## PROBLEM
Give back exactly the lines from the one that holds "And yet, when" through the final line of the data; omit the pictures and add nothing.

Data entries

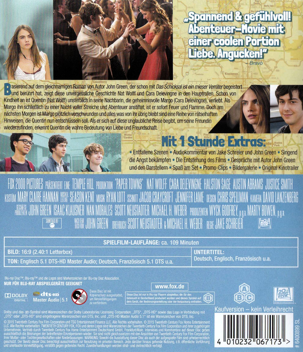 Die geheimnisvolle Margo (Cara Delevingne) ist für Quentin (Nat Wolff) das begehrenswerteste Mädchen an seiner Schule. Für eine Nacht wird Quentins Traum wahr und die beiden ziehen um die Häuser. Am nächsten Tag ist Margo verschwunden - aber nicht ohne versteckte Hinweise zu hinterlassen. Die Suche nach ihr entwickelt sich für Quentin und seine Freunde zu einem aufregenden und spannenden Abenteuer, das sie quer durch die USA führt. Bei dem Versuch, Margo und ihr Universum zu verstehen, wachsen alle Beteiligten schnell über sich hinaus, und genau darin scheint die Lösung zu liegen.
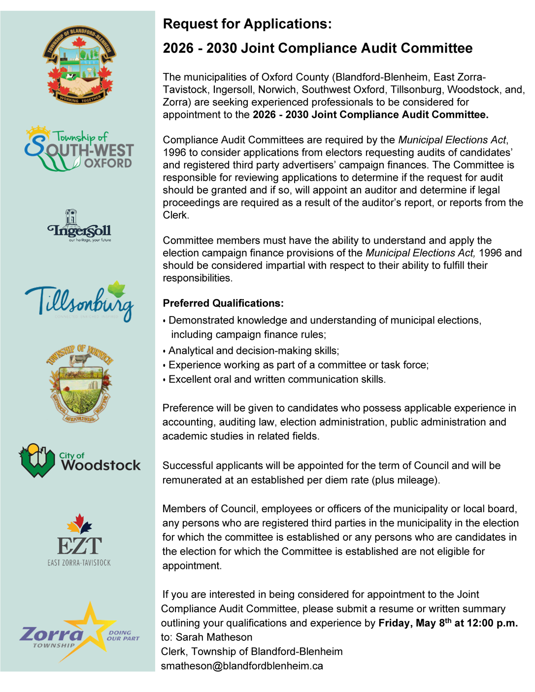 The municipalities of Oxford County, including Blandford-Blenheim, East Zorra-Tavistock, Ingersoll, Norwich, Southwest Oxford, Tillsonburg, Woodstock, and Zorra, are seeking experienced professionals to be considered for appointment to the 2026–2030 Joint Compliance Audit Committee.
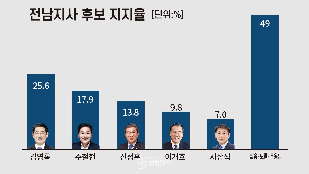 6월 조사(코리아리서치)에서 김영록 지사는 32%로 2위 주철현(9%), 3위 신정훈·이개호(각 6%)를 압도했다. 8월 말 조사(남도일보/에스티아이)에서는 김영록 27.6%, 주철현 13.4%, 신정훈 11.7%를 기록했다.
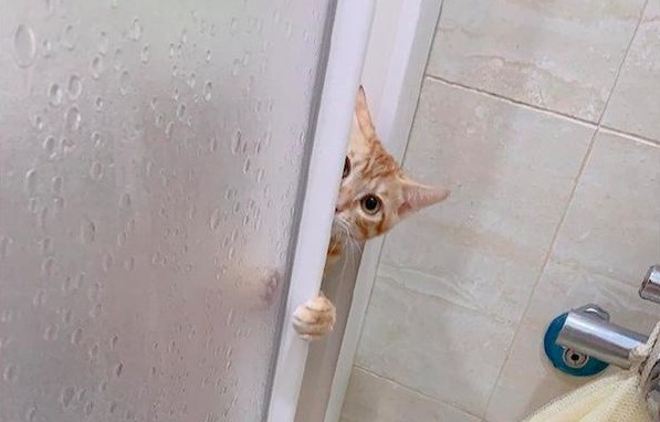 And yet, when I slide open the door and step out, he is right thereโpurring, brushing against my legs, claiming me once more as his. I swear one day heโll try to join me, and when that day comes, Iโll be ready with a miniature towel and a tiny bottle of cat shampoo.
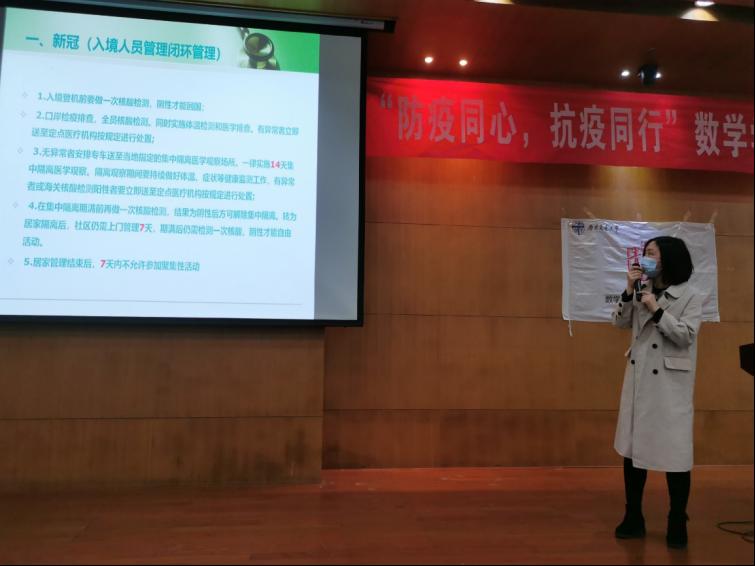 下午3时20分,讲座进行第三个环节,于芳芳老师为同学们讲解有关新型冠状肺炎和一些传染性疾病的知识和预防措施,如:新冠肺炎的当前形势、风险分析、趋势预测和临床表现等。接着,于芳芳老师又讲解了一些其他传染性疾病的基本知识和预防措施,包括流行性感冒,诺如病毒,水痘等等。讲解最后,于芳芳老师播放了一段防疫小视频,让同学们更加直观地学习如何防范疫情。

## RESPONSE BOX
 And yet, when I slide open the door and step out, he is right thereโpurring, brushing against my legs, claiming me once more as his. I swear one day heโll try to join me, and when that day comes, Iโll be ready with a miniature towel and a tiny bottle of cat shampoo.
 下午3时20分,讲座进行第三个环节,于芳芳老师为同学们讲解有关新型冠状肺炎和一些传染性疾病的知识和预防措施,如:新冠肺炎的当前形势、风险分析、趋势预测和临床表现等。接着,于芳芳老师又讲解了一些其他传染性疾病的基本知识和预防措施,包括流行性感冒,诺如病毒,水痘等等。讲解最后,于芳芳老师播放了一段防疫小视频,让同学们更加直观地学习如何防范疫情。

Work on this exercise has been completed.